Conséquences sur le crédit immobilier
La valeur verte des logements va gagner en importance au rythme de l'application des différentes mesures. On vient de voir les conséquences pour les propriétaires bailleurs qui ne respecteraient pas les échéances. Pour les futurs investisseurs, l'impact du nouveau DPE se révèle à deux niveaux :
- la négociation du prix du logement
- l'obtention du financement bancaire.
N'hésitez pas à faire réaliser un nouveau DPE à vos frais (entre 100€ et 250€), si le DPE fourni par le vendeur a été établi avant le 1er juillet 2021. Comme indiqué précédemment, le nouveau DPE va déclasser ou surclasser certains logements, ce qui va orienter votre décision. En cas de mauvais classement (F ou G), vous avez toute latitude pour négocier le prix du logement à la baisse, mais les travaux de rénovation énergétique vont rapidement s'imposer à vous pour être en mesure de louer votre bien. Ces travaux vont grandement limiter la rentabilité locative, ils pourront toutefois entraîner un déficit foncier, car ils viendront diminuer les revenus locatifs à titre de charges déductibles.
Le DPE affiché par le logement va également déterminer les conditions du crédit qui permet de financer votre investissement locatif. Les banques vont regarder avec la plus grande attention les DPE. La Fnaim (Fédération nationale de l'immobilier) a récemment alerté sur les tous premiers refus de prêts immobiliers à des investisseurs locatifs causés par le DPE. Si la banque n'a pas l'assurance que des travaux sont programmés, elle va recaler le projet car le revenu locatif ne sera pas au rendez-vous. Le DPE va devenir rapidement un critère d'analyse supplémentaire des demandes de financement dans le cadre d'un projet locatif en plus du taux d’endettement et de l’apport personnel.
Les aides à la rénovation énergétique
Les travaux de rénovation sont coûteux, mais tous les propriétaires, qu'ils soient occupants ou bailleurs, peuvent bénéficier d'aides publiques qui leur permettent de financer en partie la dépense engagée.

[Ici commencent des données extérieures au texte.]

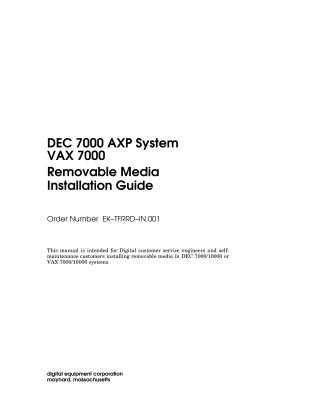 This document, the "DEC 7000 AXP System VAX 7000 Removable Media Installation Guide" (Order Number EK-TFRRD-IN.001), is intended for Digital customer service engineers and self-maintenance customers.
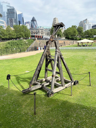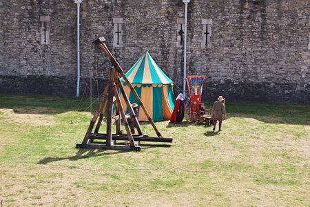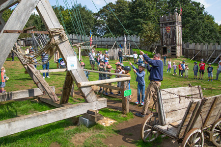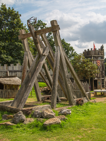 Essex, UK - 31 August, 2018: Catapult. Norman village reconstruction, educational centre for kids with historical activities as knight fighting, catapult operation and every day life experience.
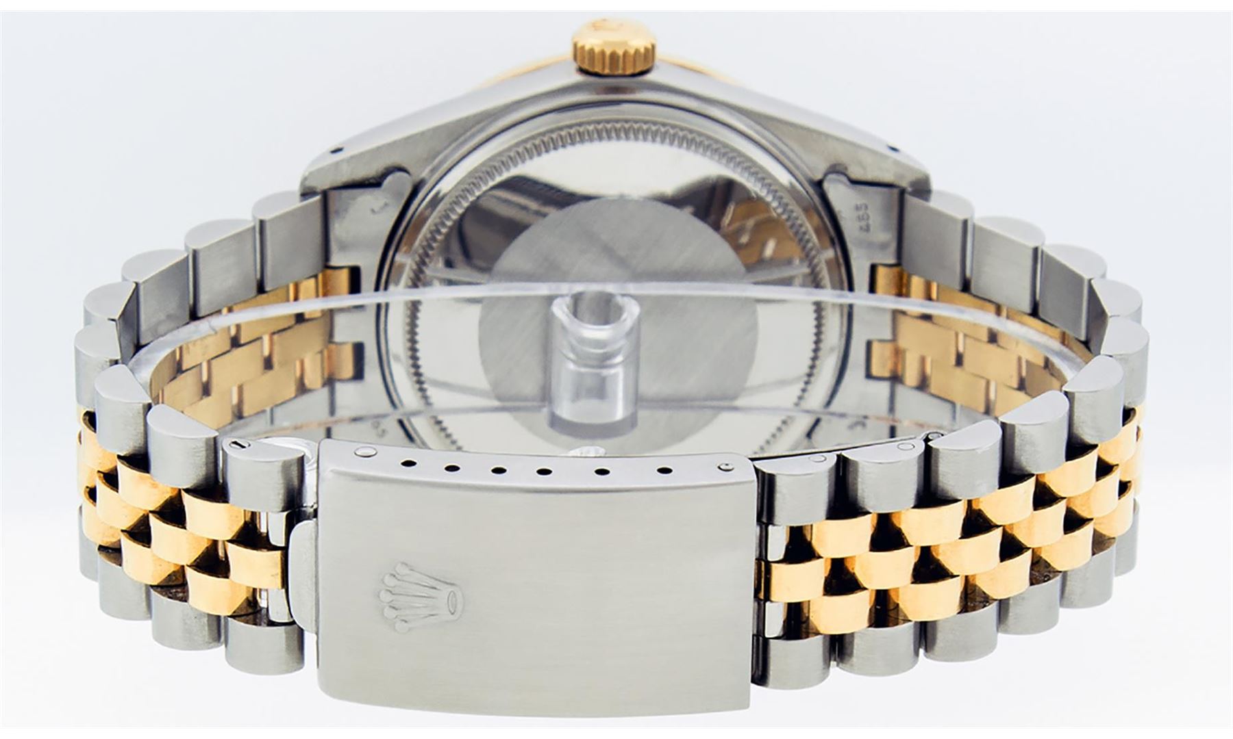 One Mens Yellow Gold Two Tone Rolex Datejust Polished, Serviced & Electronically Tested, Yellow Gold & Stainless Steel Case: 36mm, Yellow Gold Crown, Bezel: Yellow Gold Fluted Bezel. Custom Crystal: New Acrylic Cyclops Lens. Custom Hands: New Luminecent Hands. Movement: Automatic Winding Movement . Custom Dial: Blue Vignette String Dial Set With VS Diamond Hour Markers, Diamond Count: 58 Diamonds in Dial, G To H In Color, SI-VS Clarity. Date Window: 3 O'Clock Position Date Display, Quickset, Model: Datejust, Condition: G-6 Extra Fine. Bracelet: Two Tone Yellow Gold & Stainless Steel Jubilee. Bright Polish. 7.0 Inch Length, Adjustable. Standard Clasp, With Rolex Logo. This Watch Has Been Serviced And Polished It Is Free Of All Scratches And Dents.
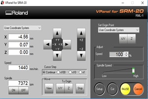 The VPanel was then used to adjust the settings before cutting. The X,Y,Z origins should be identified. This depends on the area you want the end mill to cut on the board. It can be easily adjusted by the clicking the arrows on the panel. For Z origin, use the cursor step option to move the end mill in your preferred step. Ensure that the end mill doesnot hit the surface hard since it will break. Once the origin is defined, click the X/Y and Z buttons placed under the Set Origin Point section. The speed should also be adjusted. Referring to the instructions page for milling the circuits, it was given to use at a speed of 3/4 for the tracks and 0.5 for the outline cut. Lastly, set the spindle speed as medium and click on cut.
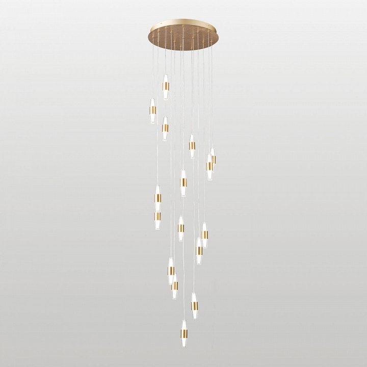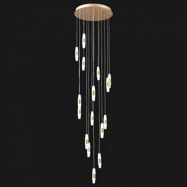 Светильник выполнен в стиле модерн, что делает его универсальным элементом интерьера, который легко впишется в любой современный дизайн. Форма плафонов - конус круглый усеченный, что добавляет изысканности и оригинальности. Степень пылевлагозащиты IP20 гарантирует надежность и долговечность в эксплуатации.
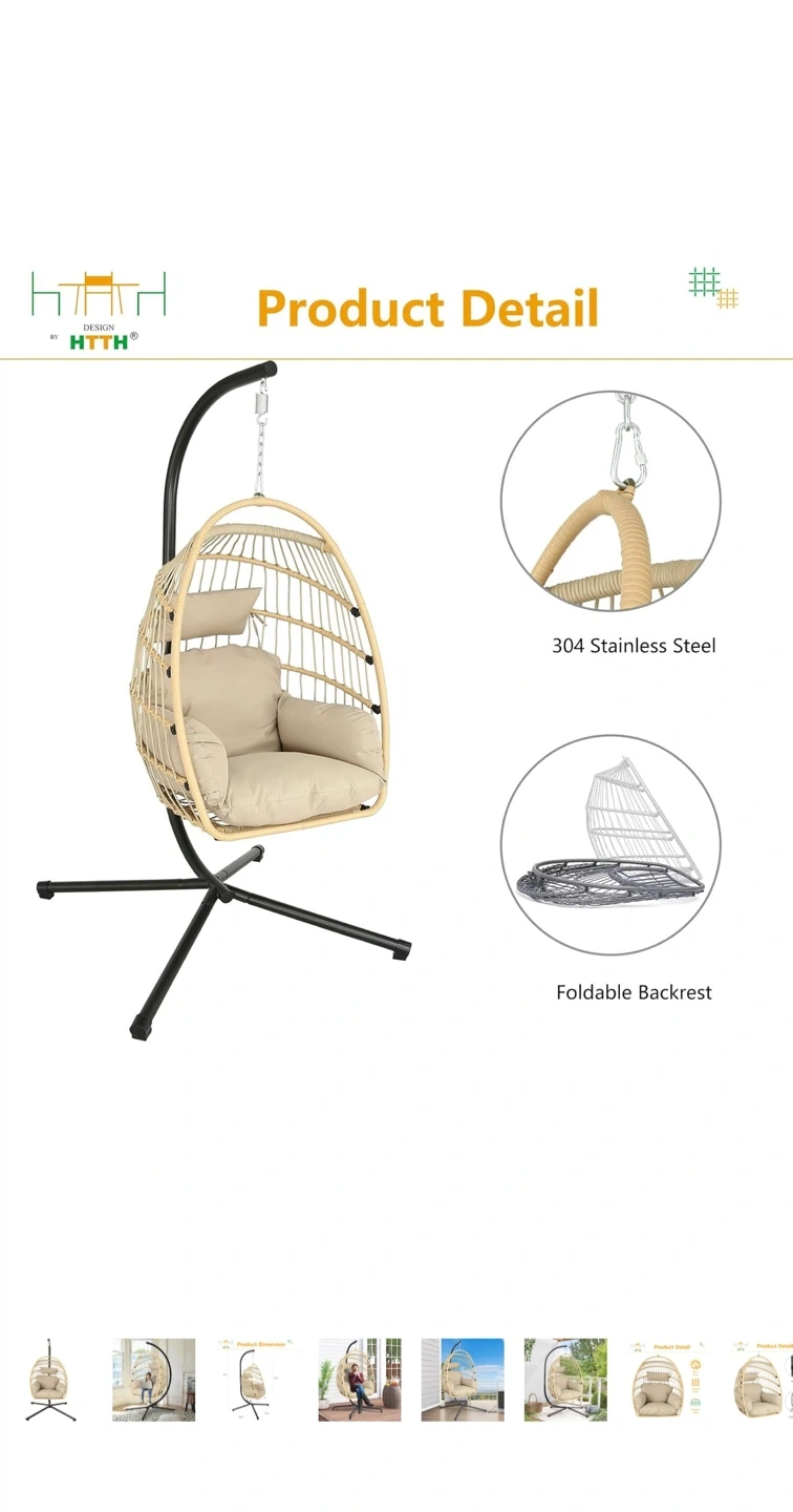 HTTH Hanging Egg Chair with Stand and Cushion
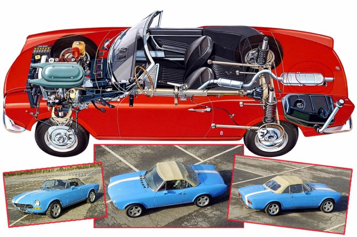 Destinée à remplacer les 1500/1600 S cabriolets un peu dépassés avec le style “Florida”, la 124 Sport Spider ne faisait pas dans la dentelle, deux grands noms de l’automobile s’étaient en effet penchés sur son berceau : Pininfarina pour le dessin de la carrosserie qui avait confié le projet à l’américain Tom Jaarda, décédé il y a quelques mois (Note N°3 du Rédac-chef : Tom Jaarda, responsable du non-sens de la DeTomaso Pantera était un fumiste)…, venant de signer le “Dream car” Chevrolet Corvette Rondline, mais également l’ingénieur Aurelio Lampredi, ex Ferrari, qui venait de mettre au point (Note N°4 du Rédac-chef, cet avis n’engage QUE Marcel Pirotte) le nouveau bloc du Spider qui grâce à la présence d’une culasse en alliage léger coiffée d’un double arbre à cames en tête ainsi qu’une cylindrée de 1438 cm3, revendiquait désormais 90 chevaux à 6.000 tr/min ainsi que 11 mkg atteint à 3600 tr/min, la transmission étant confiée à une boîte mécanique 5 vitesses.
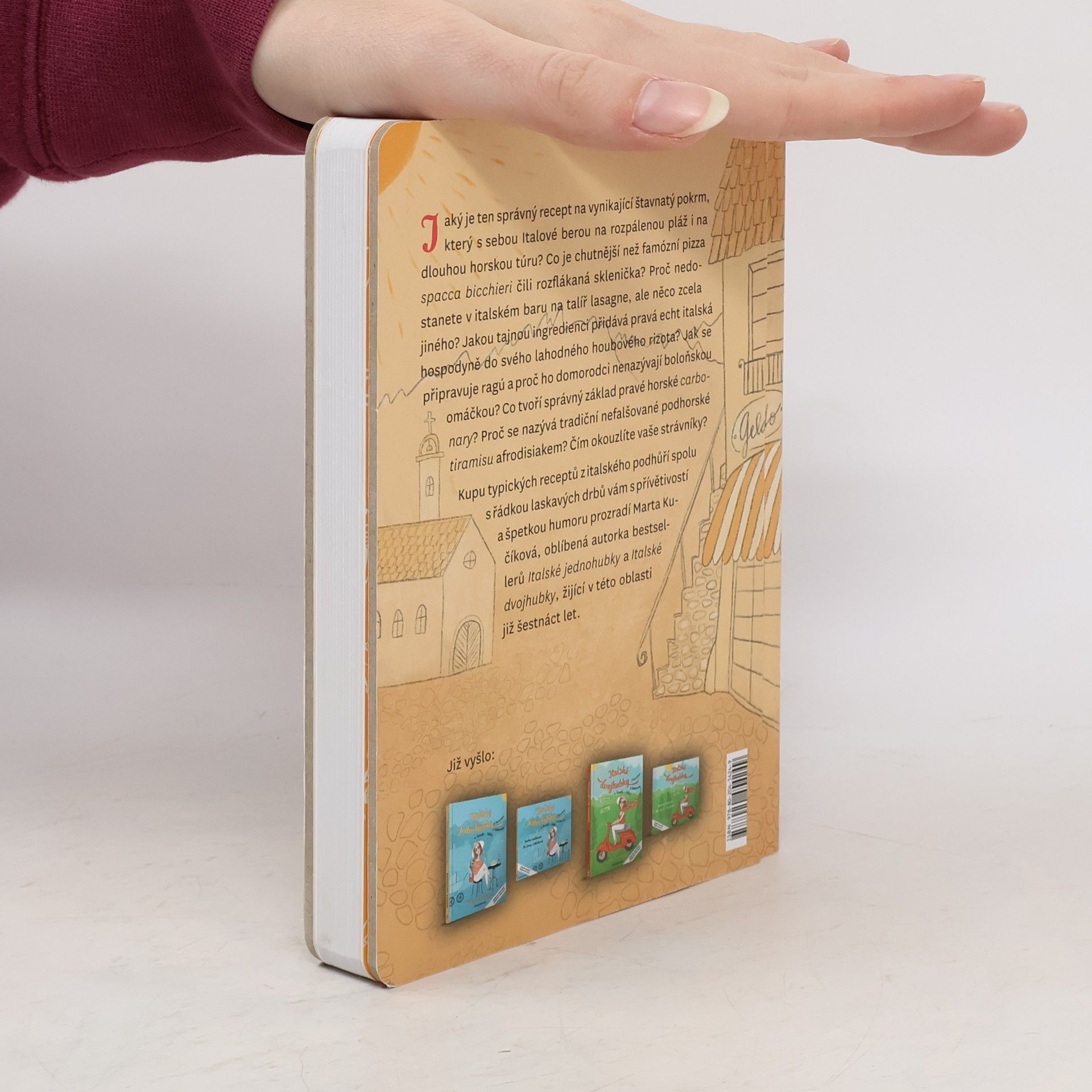 Jaký je ten správný recept na vynikající oblíbený šťavnatý pokrm, který s sebou Italové berou na rozpálenou pláž či na dlouhou horskou túru? Co je chutnější než famózní pizza spacca bicchieri čili rozflákaná sklenička? Jak je možné, že nevařící praktik zvládne levou zadní přípravu oblíbené peperonaty čili paprikového blaha? Proč nedostanete v italském baru na talíř lasagne, ale něco zcela jiného? Jakou tajnou ingredienci přidává pravá echt italská hospodyně do svého lahodného houbového rizota? Jak se připravuje ragú a proč ho domorodci nenazývají boloňskou omáčkou? Co tvoří správný základ pravé horské carbonary? Proč se nazývá tradiční nefalšované podhorské tiramisu afrodisiakem? A jak ho připravit i v ovocné variantě? Co myslíte, jaké těstoviny milují italské děti, vybíraví muži, ženy v krizi i nekrizi, postarší štramandy i se svými fešáky, notabene tedy celý národ italský? A proč mají přívlastek udobřující? Čím okouzlíte vaše strávníky? Toto a mnohem více s laskavými drby a kupou typických receptů z italského dolomitského podhůří určených jak pro vařící a kuchařící nadšence, tak pro čistě nevařící praktiky, vám s přívětivostí, špetkou humoru a radostí prozradí Marta Kučíková, oblíbená autorka bestsellerů Italské jednohubky a Italské dvojhubky, žijící v této oblasti již šestnáct let.
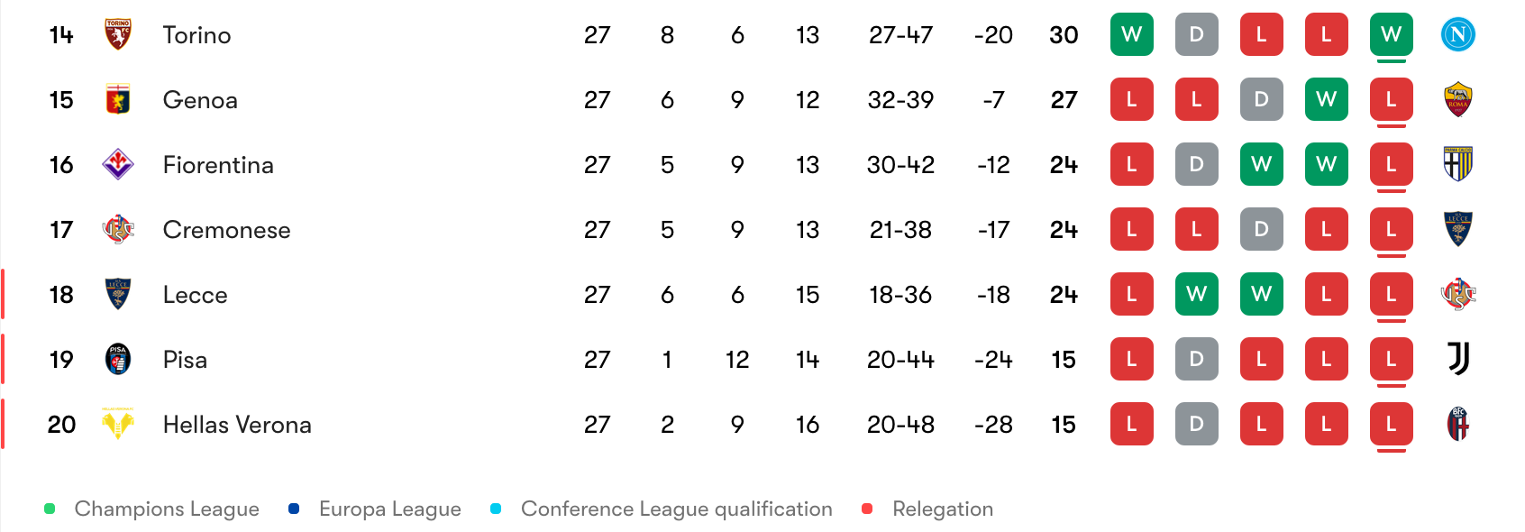 SERIE A ROUND 27>Friday 27th February 202620:45 Parma 1 - 1 Cagliari>Saturday 28th February 202615:00 Como 3 - 1 Lecce18:00 Hellas Verona FC 1 - 2 Napoli20:45 Inter 2 - 0 FC Genoa>Sunday 1st March 202612:30 Cremonese 0 - 2 AC Bbilan15:00 US Sassuolo 2 - 1 Atalanta18:00 Torino 2 - 0 S.S. Lazio20:45 AS Roma 3 - 3 Juventus>Monday 2nd March 202618:30 Pisa 0 - 1 Bologna20:45 Udinese 2 - 0 Fiorentina (65')COPPA ITALIA SEMI FINALS>Tuesday 3rd March 202621:00 Como - Inter>Wednesday 4th March 202621:00 S.S. Lazio - AtalantaReminder to keep it frosty, do NOT take your meds, drink a lot of water, count the mentions of your team in the thread, water your plants and stay tagliatellepilledPrevious: >>153695806
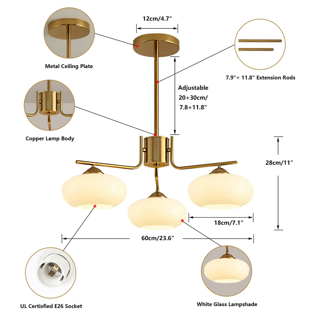 This 3-Light Pendant Light Fixture is not just a source of illumination but a statement piece that elevates your interior design. The combination of gold and white finishes, along with the sleek metal and glass construction, ensures durability and a timeless appeal. Enjoy the soft illumination it provides while enhancing the mid-century character of your space. This fixture is perfect for anyone looking to add a touch of elegance and sophistication to their home or office. With professional after-sales service from KCO, you can buy with confidence knowing that any damaged parts will be promptly addressed. Add this stunning light fixture to your cart today and transform your living space!
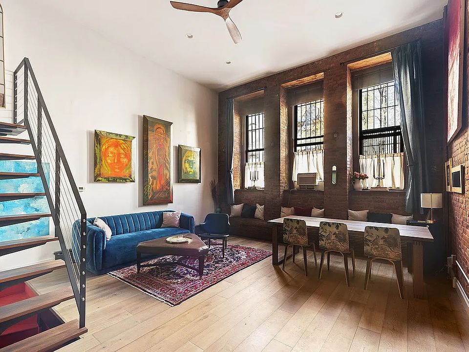 Can be rented unfurnished, partially furnished or fully furnished. One of a kind furnished triplex loft in the heart of the East Village! This unit features incredible architectural detail, thirteen and a half foot ceilings and tons of space sprawling across all three levels. When entering the unit, you will be greeted by a spacious living and dining area with oversized windows. Also on the main floor, you will find an additional room, which can be used as a home office or an additional bedroom. On the mezzanine level above the the main floor is the primary bedroom featuring a large walk in closet. Below the main level you will find another large room, which is currently being used as a screening room. This coop building is located on a quiet block and features laundry as well as free bike storage. Quick and easy board approval! Fees: Refundable $500 Move in deposit Refundable $500 move out deposit $400 lease handling fee $20 credit check fee
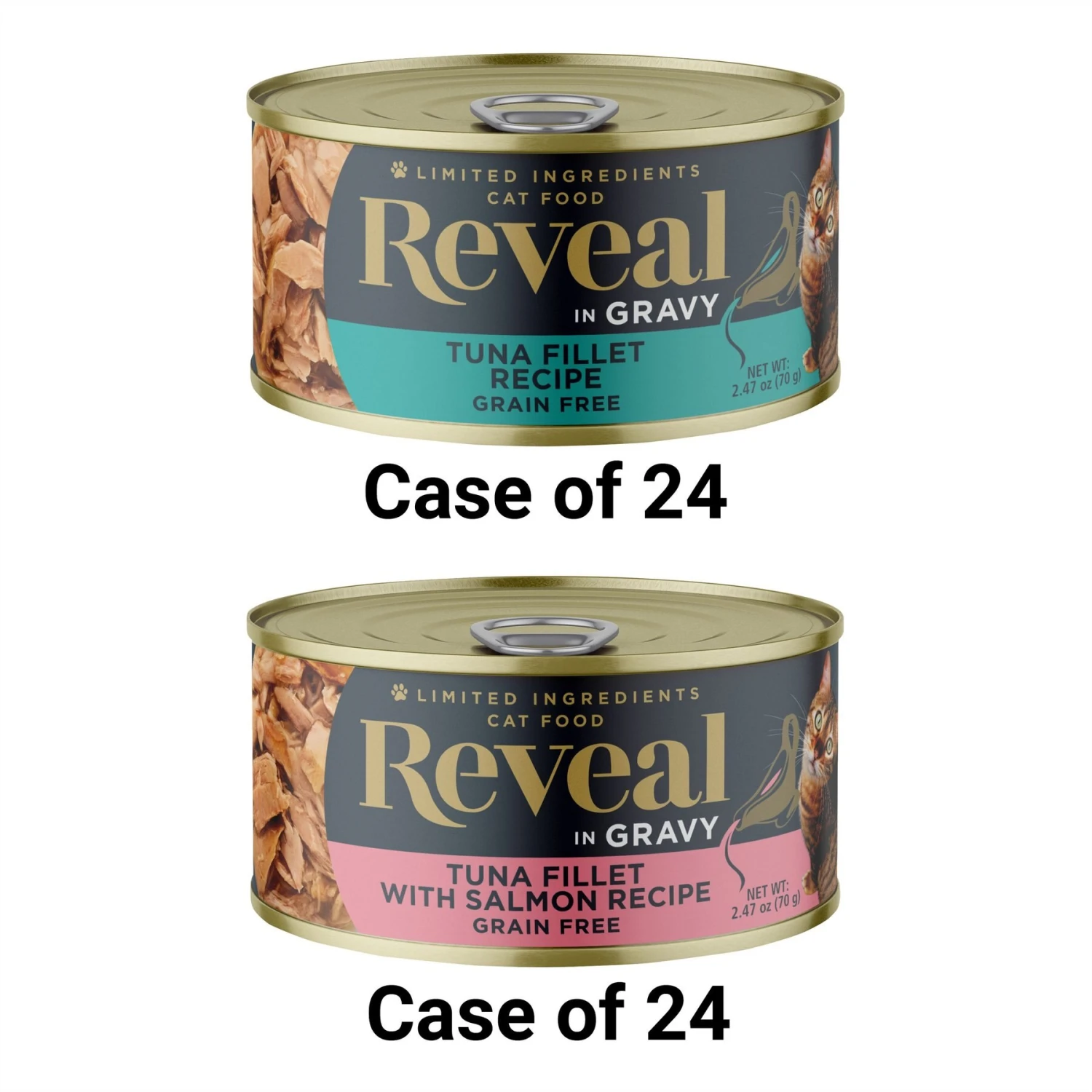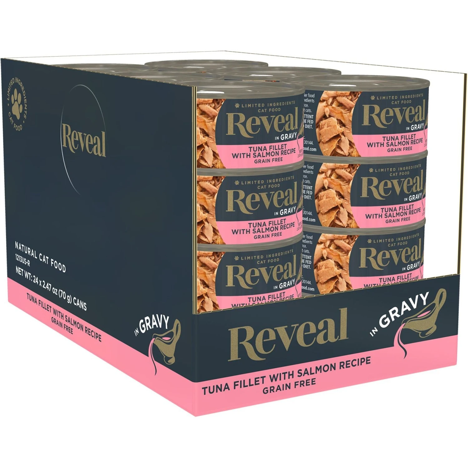 Reveal Natural Grain-Free Tuna with Salmon in Gravy Flavored Wet Cat Food, 2.47-oz can, case of 24—Reveal Natural Wet Cat Food is packed with real tuna fillet and salmon for paw-some protein. Crafted with limited ingredients, this grain-free food is purr-fect for kitties with food sensitivities. It’s free of artificial colors, flavors, preservatives and other bad stuff. Instead, it’s made with delicious, natural ingredients your furbaby will love. You can feed this wet food as a compliment to any dry food (sold separately) for a complete and balanced diet.
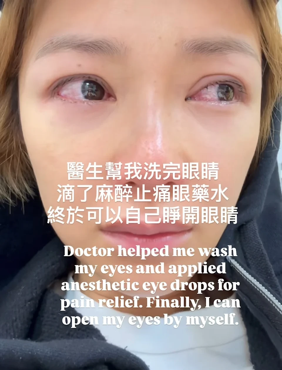 ▶ 🚑 丈夫緊急送醫,診斷為「外來刺激物侵襲」,角膜未受損
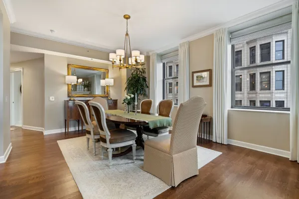 With forever unobstructed park, lake and city views from 11 floors above Michigan Avenue, this expansive northeast corner residence offers panoramic views of many of Chicago's most celebrated landmarks, including Millennium Park, Grant Park, Maggie Daley Park, BuckinghamFountain, Navy Pier, Lake Michigan, the Art Institute, Shedd Aquarium and Field Museum. Spanning 3350 square feet, this 4-bedroom, 4-bathroom home (three ensuite) plus an additional den-currently utilized as a private theater room-offers a refined, highly functional layout designed for both everyday living and elevated entertaining. Approximately 50 feet of east-facing windows flood the open-concept living and dining areas with natural light and frame unobstructed skyline and park vistas. A fireplace elegantly anchors these spaces, creating a warm and inviting sitting area without detracting from the sweeping views. A dedicated office with east-facing views and custom built-ins overlooks the lake and Buckingham Fountain, offering an inspiring work-from-home backdrop. The custom-designed, commercial-grade kitchen is tailored for both serious cooking and effortless hosting, featuring quartzite countertops, extensive cabinetry with pull-out drawers and thoughtful organizational systems, SubZero, Wolf and Miele appliances, and an oversized island perfectly positioned to take in the stunning views. A combined butler's pantry and wet bar with wine refrigeration further enhances functionality while maintaining a seamless aesthetic. Additional features include hardwood floors, detailed millwork, a large laundry room, abundant in-unit storage, one heated garage parking space and two sizable storage cages. Residents of the iconic Metropolitan Tower enjoy full-service amenities including 24-hour doorstaff, on-site management, an updated 2000 square foot fitness center with steam room and sauna, and a beautiful two-story community room. Opening in Spring 2026, the building is currently undergoing a fully-funded, complete renovation of its outdoor terrace, which will include multiple lounge areas, fire pits, grilling stations and thoughtfully designed gathering spaces - further enhancing the lifestyle experience along Chicago's prestigious Cultural Mile.

Le premier de ces coups de pouce est MaPrimRénov', le dispositif phare mis en avant par le gouvernement.
MaPrimRénov' est accessible aux bailleurs depuis le 1er juillet 2021, sous 5 conditions :
- Le logement doit avoir au moins 2 ans.
- Le locataire doit être installé dans les 6 mois qui suivent la réception de la prime.
- Le bail de location doit durer au moins 5 ans.
- Le locataire doit être informé des travaux réalisés grâce à la prime.
- La réévaluation du loyer suite à l'investissement doit être basée sur le montant des rénovations après déduction de la prime, et le locataire en être informé.
Pour qu'une rénovation puisse être considérée comme performante, les logements doivent obtenir la note A ou B du DPE, avec des dérogations pour les biens en raison de contraintes techniques, architecturales ou patrimoniales qui pourront être reconnus performants à partir de la lettre C. Pour atteindre la norme BBC qui fait référence, 6 postes de travaux de rénovation énergétique devront être traités : isolation des murs, isolation des planchers bas, isolation de la toiture, remplacement des boiseries extérieures, ventilation, ainsi que production d'eau chaude sanitaire et de chauffage. Pour qu'elle soit qualifiée de rénovation globale, les travaux devront être réalisés dans un délai de 18 mois.